Instituto será tema de filme

"Aqui falta tudo. Mas a crueldade está quando a criança perde o direito de sonhar. Por isso, tocar em uma orquestra significa muito para elas. É como se fizessem parte de algo. E essa transformação é para a vida inteira."

João Luiz Sampaio, O Estado de S.Paulo

09 Abril 2011 | 00h00

Esse credo, recriado nas palavras de Edmílson Venturelli, que já esteve nas salas de aula do Instituto Baccarelli, tem guiado a atividade da instituição desde que o maestro Silvio Baccarelli, comovido pelas imagens do incêndio que destruiu metade da comunidade em 1996, resolveu desenvolver ali um trabalho de formação musical.
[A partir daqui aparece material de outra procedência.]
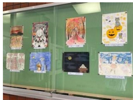
《玄関掲示に紅葉やハロウィン》

本日中間テストが終わりました。前1週間が文化祭週間で勉強をする時間があまりなかったのではないのでしょうか。文化祭は素晴らしいものになりましたが、テストはよくなかったでは本末転倒です。まさに文武両道を迫られたこの1週間でした。また、9月30日には英語検定も実施されました。2年生は全員受検(1・3年生は希望者のみ)しましたが、これも5級から2級まで、それぞれの希望に合わせての受検となりました。結果が楽しみです。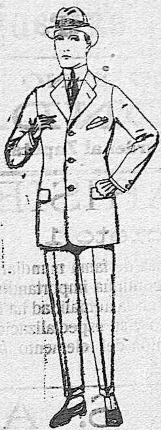
Trajes de cheviot, patén, etc. de ptas. 38 a 156

SUCURSALES: Madrid, Barcelona, Alicante, Almería, Bilbao, Cádiz, Cartagena, Gijón, Granada, Málaga, Palma de Mallorca, Santander, Sevilla, Valencia, Valladolid, Zaragoza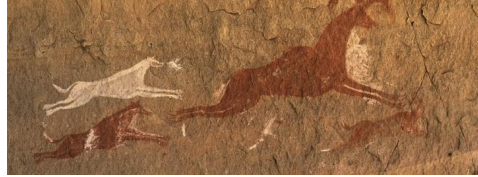
Site préhistorique d'Acacus, Lybie Entre 12 000 ans avant notre ère et 100 ans après.

Ces premiers chiens domestiques, certainement issus de loups et de chiens sauvages, étaient utilisés pour chasser ou pour effrayer les animaux sauvages dangereux. Les chiens devaient aussi protéger leurs maîtres pendant leurs longs voyages à la recherche de territoires de chasse ou de cueillette.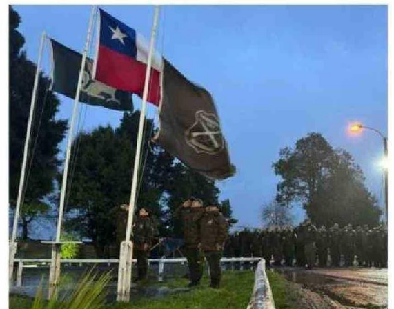
A PRIMERA HORA PARTIERON LOS HOMENAJES.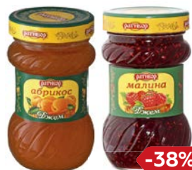
Джем РАТИБОР Малина/ Абрикос, 360 г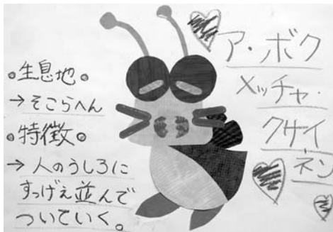
図1 未知の生物 1

できた生き物に「名前」をつけ、生息地や特徴も書き込み、その作品をお互いに見せ合う（図1、図2）。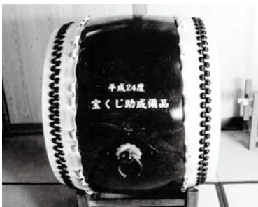
▲新野区で整備した長胴太鼓

この事業により、区民の地域行事への参加を促し、区民の触れ合いを通じて伝統文化の継承とコミュニティ活動の一層の推進が図られます。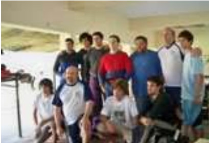
Tiradores y entrenadores

En esta oportunidad también se realizó tarea personalizada con tiradores de la Institución y de otras instituciones (Quilmes, Chivilcoy) que se movilizaron hasta Baradero para participar.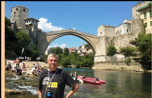
Пляж под мостом на реке Неретва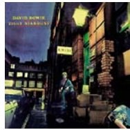
The rise and fall of Ziggy 1972

Space Oddity (1969) i The man who sold the world (1970) eren ja un toc d'atenció sobre l'immens talent de Bowie. Però Hunky Dory és la irrefutable confirmació. "Changes" o l'imperial "Life on Mars?" són les immortals cimeres del disc.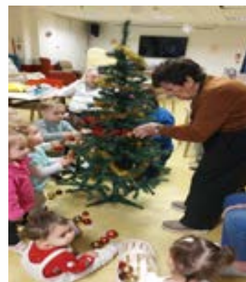
Avec la MAM à l'EHPAD Le château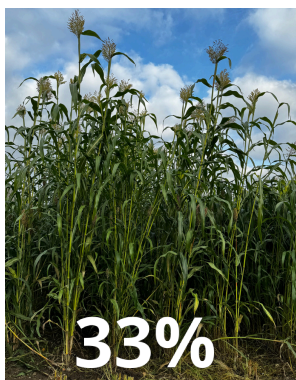
Sorgho hybride sucrier biomasse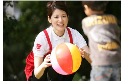
【暮らしサポートサービスの展開】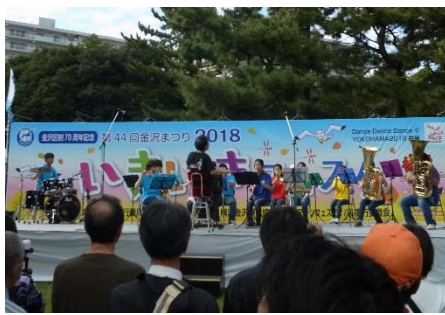
<金沢まつり いきいきフェスタ>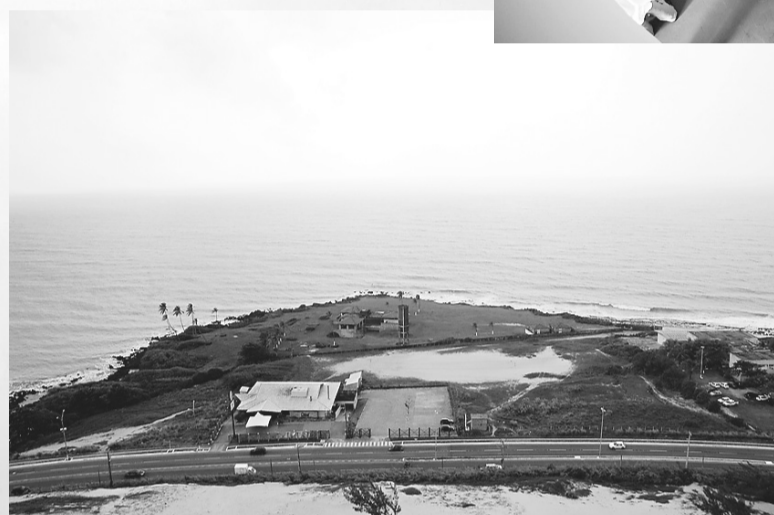
▶ Vista do alto do farol; alunos da Escola Estadual Senador Dinarte Mariz (acima)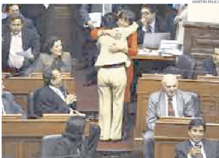
► MÁS OTORONGOS. Desde el próximo quinquenio habría más inquilinos.

CAMBIOS EN BCR. En jornada matinal, en tanto, el Apra, UN, Grupo Fujimorista y UPP sacaron adelante —con 83 votos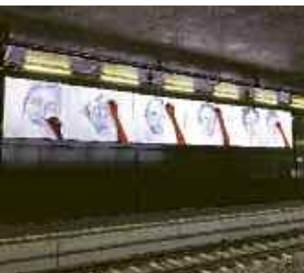
Phoebe Boswell, PLATFORM, 2019 à la gare Lancy-Bachet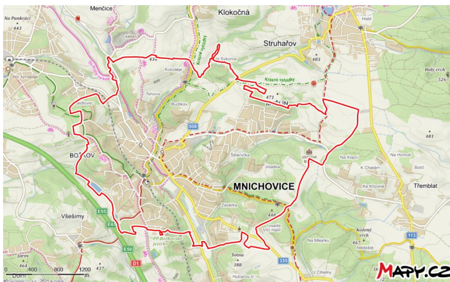
Mapa města Mnichovice, zdroj: Mapy.cz, 2021.

Město Mnichovice a jeho 3 950 obyvatel obsluhují 3 autobusové (489, 490 a 495) a 2 železniční linky (S9 a R49). Město má 3 místní části: Božkov (cca 700 obyvatel), Mnichovice (cca 3000 obyvatel) a Myšlín (cca 250 obyvatel). Váha významnosti linek je nejprve rozdělena podle počtu obyvatel v místních částech: Božkov 0,18; Mnichovice 0,76 a Myšlín 0,06.

Hoje, são cerca de duas mil crianças e jovens que tem aulas no instituto e integram as suas orquestras infanto-juvenis e os 17 grupos corais, além da Sinfônica de Heliópolis. Apadrinhado pelo maestro Zubin Mehta, no ano passado, o grupo fez turnê pela Europa sob direção de Roberto Tibiriçá. E, em 2011, além da temporada de concertos em São Paulo, fará apresentações também pelo interior do estado.

O instituto ocupa um complexo na Estrada das Lágrimas, que corta a favela, uma das maiores do mundo, com quase 200 mil moradores. Até agora já foram construídos dois prédios de salas de aula onde atuam professores de algumas das principais orquestras do País, como a Sinfônica do Estado de São Paulo e a Sinfônica Municipal. O projeto prevê ainda a construção de um teatro de cerca de 500 lugares, que ainda depende de patrocínio.

Também já está em fase de produção um filme sobre a história da orquestra e do instituto, estrelado por Wagner Moura e dirigido por Sérgio Machado. As filmagens devem ocorrer ao longo deste ano e o lançamento está previsto inicialmente para o primeiro semestre do ano que vem.